I’ve done “On business, family coming as well”, “flying back on different days not out together” and of course “whoops, yes I can come, let’s book, oh you have already”. In each case, we had plans to deal with what happened if part of the group were denied boarding or not seated together. Separate carryon, copies of tickets for onward travel and hotels, and so on.

TranmereRover · 10/12/2018 07:52

Emirates split 4 of us (2 children) despite us having checked in 2 days ahead - and no option to pay for seats together (presumably a problem with the computer that day) so it can happen but othe passengers were lovely and shuffled so that 3 of us were together.
There is however no excuse for “tired and hungry” autistic kids going into what the parents will recognise is a stressful situation. Book day flights and spend less time at duty free, more time feeding the kids at the airport. The parents have a steep learning curve ahead of them it seems

Stayoutoftheforest · 10/12/2018 08:03

Completely off topic but those that have been in upstairs economy is it worth the £25 for middle seats and £60 for twin seats up there? Can’t afford an upgrade but I could probably stretch to that.

ShotsFired · 10/12/2018 08:04

Why didn't the complainant just swap with the aunt?

Surely that would have solved everything Grin

(lighthearted before you all deluge me in angry comments about his/her travelling companions/paid for those exact seats etc)

Doyoumind · 10/12/2018 09:02

I've lost track of whether it was the 3 year old or 4 year old who was crying but why are you referring to them now as a baby?

This whole thread is very strange.

ReflectentMonatomism · 10/12/2018 09:12

I've lost track of whether it was the 3 year old or 4 year old who was crying

That's the problem with OP making the whole thing up and not keeping notes: the story gets confused because they're confused.

Still, we've had some interesting insights into staff rate travel, into luggage policies and a few other "behind the scenes" things. Thanks to aircrew posters!

cancla · 10/12/2018 09:19

Completely off topic but those that have been in upstairs economy is it worth the £25 for middle seats and £60 for twin seats up there

I suppose it depends on. How many are traveling. Of o we're going alone with DH I would pay for upper deck economy on the 2 class as it would give us 2 seats and no strangers. If there were 3 or 4 I would t pay extra as the lower deck is 3:4:3 seating anyway.
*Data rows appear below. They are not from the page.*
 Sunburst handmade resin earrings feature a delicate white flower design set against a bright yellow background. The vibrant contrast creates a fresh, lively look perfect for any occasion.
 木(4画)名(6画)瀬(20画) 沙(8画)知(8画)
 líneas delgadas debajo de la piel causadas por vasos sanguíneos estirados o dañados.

But definitely worth it if only 2 travellers.

bruffin · 10/12/2018 09:38

*Why didn't the complainant just swap with the aunt?

Surely that would have solved everything grin*

That was the common sense answer, but op then change the scenario from child wanting to sit with Auntie to the child wanted the whole family seated together

Toddlerteaplease · 10/12/2018 11:03

I thought it was an older child in earlier posts. How come it's now a 'crying baby'?
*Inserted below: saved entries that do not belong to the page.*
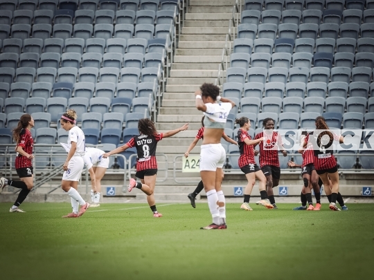 FBL-ISR Ligat HaAl Nashim, Matchday 26 Hapoel Katamon Jerusalem in red and black vs. M.S. Kiryat Gat in white May 15, 2025 Teddy Stadium, Jerusalem, Israel (Photo by Alexander Bukh / JStock)
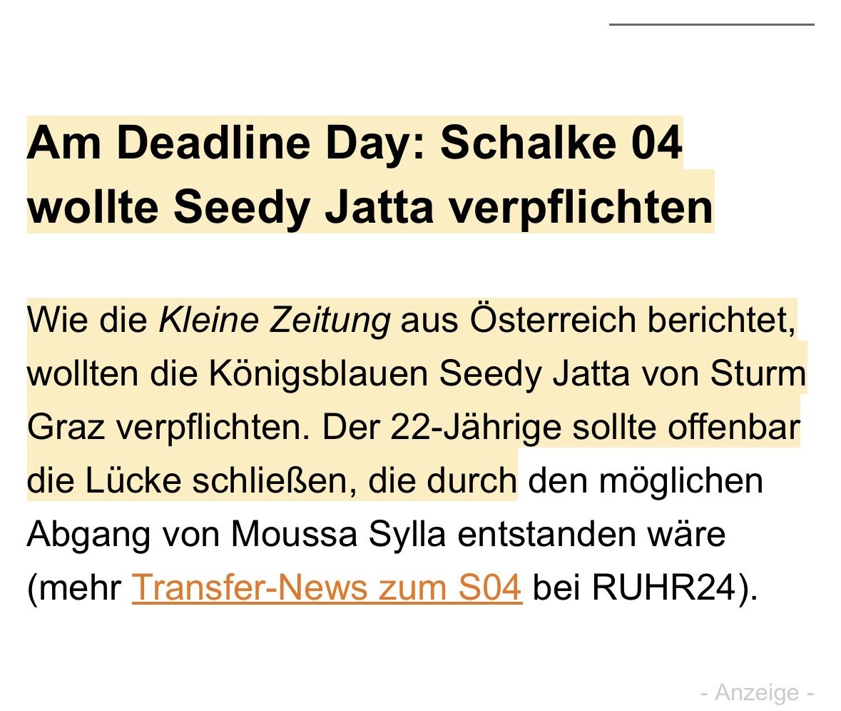 Dobinator Wahnsinniger Poster Geschrieben vor 2 Stunden pit1312 schrieb vor 33 Minuten: Schalke war nie konkret. Die haben so einen Typ wie ihn für Dzeko gesucht und sein Manager hat ihn halt ins Spiel gebracht Jatta disagrees: Zitat „Es hat wirklich nicht viel gefehlt“ SK Sturm: Seedy Jatta über Kritiker: „Warum soll ich für die noch kämpfen?“ 0 Zitieren Diesen Beitrag teilen Link zum Beitrag Auf anderen Seiten teilen More sharing options...
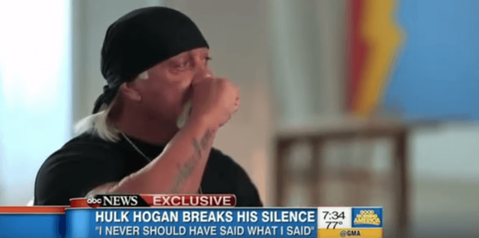 "Oh, my gosh. Please forgive me. Please forgive me," Hogan said. "I think if you look at the whole picture of who Hulk Hogan is, you can see over all the years that there's not a racist bone in my body."

chemenger · 10/12/2018 14:46

The auntie is making a complaint about another person’s booking. I don’t see that having any success. She must have chosen to get off the plane, since the staff would not have linked her with the party on a separate booking and in a different part of the plane. Unless she kicked up a fuss, in which case the captain may have decided it would be quicker to throw the lot of them off to avoid delaying the plane. I’m still curious to know whether the child had their seatbelt fastened (of course now that it has become a sleeping baby this may not be so important). Maybe someone could prepare a simple timeline of the events and characters so the OP can keep her story consistent?

zeeboo · 14/12/2018 21:19

I love how every little update the OP either drip feeds, contradicts something she said earlier or changes tactic in order to have the most fun with the thread that they can. Top trolling!